**Work request**. Begin at the line that has "En poursuivant le", stop after the line that has "AMG8603 采用 QFN48", and print exactly those lines from the records below, without any pictures.

*** Opening of Exercise material ***

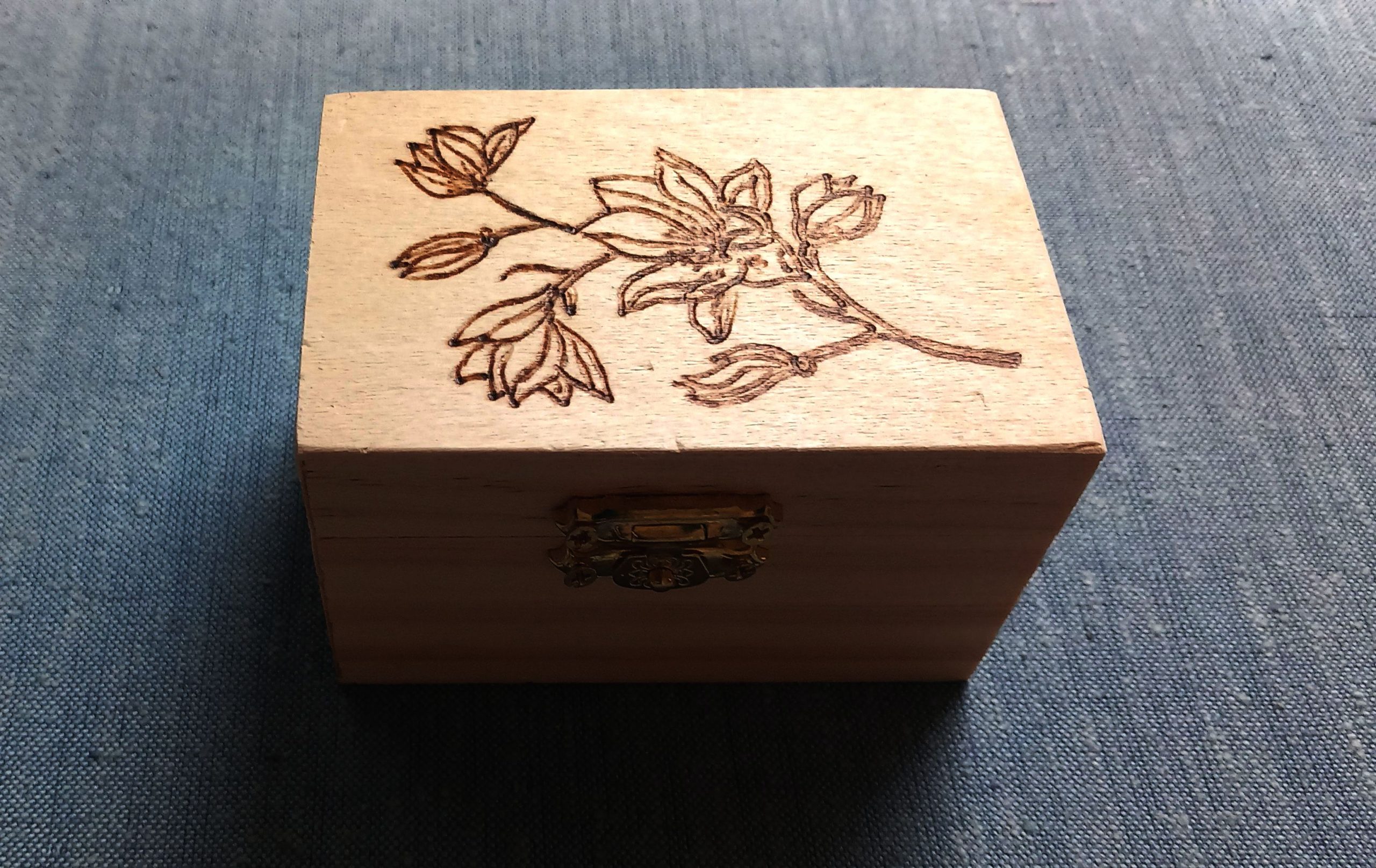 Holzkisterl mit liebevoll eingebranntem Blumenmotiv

*** Close of Exercise material ***
*** Opening of Exercise material ***

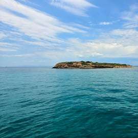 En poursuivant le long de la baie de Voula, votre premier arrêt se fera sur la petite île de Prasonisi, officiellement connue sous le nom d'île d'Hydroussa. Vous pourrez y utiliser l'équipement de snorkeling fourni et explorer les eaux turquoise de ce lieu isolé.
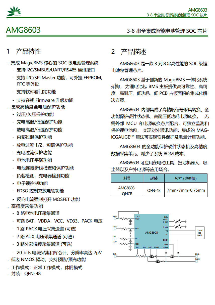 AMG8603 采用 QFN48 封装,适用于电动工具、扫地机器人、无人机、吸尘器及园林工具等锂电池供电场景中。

*** Close of Exercise material ***

**Solution**.
 En poursuivant le long de la baie de Voula, votre premier arrêt se fera sur la petite île de Prasonisi, officiellement connue sous le nom d'île d'Hydroussa. Vous pourrez y utiliser l'équipement de snorkeling fourni et explorer les eaux turquoise de ce lieu isolé.
 AMG8603 采用 QFN48 封装,适用于电动工具、扫地机器人、无人机、吸尘器及园林工具等锂电池供电场景中。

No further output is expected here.